使用编码字的MIME标头中的换行符合法吗?

时间:2018-09-21 11:10:46

标签: email mime rfc

RFC 2047定义了用于对MIME文档中的非ASCII字符进行编码的 encoded-words 机制。它指定在编码字内不允许使用空格字符(空格和制表符)。

但是,用于解析电子邮件MIME文档的RFC 5322指定应将长标题行“折叠”。这种折叠应该在编码字解码之前还是之后进行?

我最近收到一封电子邮件,其中标题的编码文本部分中包含换行符,如下所示:

Header: =?UTF-8?Q?=C3=A5
 =C3=A4?=

这有效吗?

当然,电子邮件在许多令人兴奋的方式上可能都是无效的,解析器需要处理这种情况,但是知道“正确”的方式很有趣。 :)

1 个答案:

答案 0 :(得分:1)

我误解了问题,并回答它好像是另一种空白。在这种情况下,空格出现在MIME字内,而不是由空格分隔的多个空格。

明确禁止这种行为。从介绍到RFC2047的格式:

2. Syntax of encoded-words

   An 'encoded-word' is defined by the following ABNF grammar.  The
   notation of RFC 822 is used, with the exception that white space
   characters MUST NOT appear between components of an 'encoded-word'.

然后在同一部分:

   IMPORTANT: 'encoded-word's are designed to be recognized as 'atom's
   by an RFC 822 parser.  As a consequence, unencoded white space
   characters (such as SPACE and HTAB) are FORBIDDEN within an
   'encoded-word'.  For example, the character sequence

      =?iso-8859-1?q?this is some text?=

   would be parsed as four 'atom's, rather than as a single 'atom' (by
   an RFC 822 parser) or 'encoded-word' (by a parser which understands
   'encoded-words').  The correct way to encode the string "this is some
   text" is to encode the SPACE characters as well, e.g.

      =?iso-8859-1?q?this=20is=20some=20text?=

   The characters which may appear in 'encoded-text' are further
   restricted by the rules in section 5.

更早的答案

明确允许这种事情。带有MIME字词的标题应为76个字符或更少,并在需要时折叠。 RFC822折叠后的标头在第二行和任何其他行后缩进。 RFC2047标头应该只缩进一个空格。第一行中的?=和=?之间的空格。

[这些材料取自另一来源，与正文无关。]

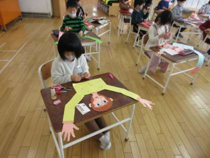 作品の服の模様を作りながら、「おめでとう」の気持ちが伝わる明るい作品にしたいと話す子どもが見られました。

应该禁止输出。

请参阅RFC第12页底部的示例:

encoded form                                displayed as
---------------------------------------------------------------------
(=?ISO-8859-1?Q?a?=                         (ab)
   =?ISO-8859-1?Q?b?=)

       Any amount of linear-space-white between 'encoded-word's,
       even if it includes a CRLF followed by one or more SPACEs,
       is ignored for the purposes of display.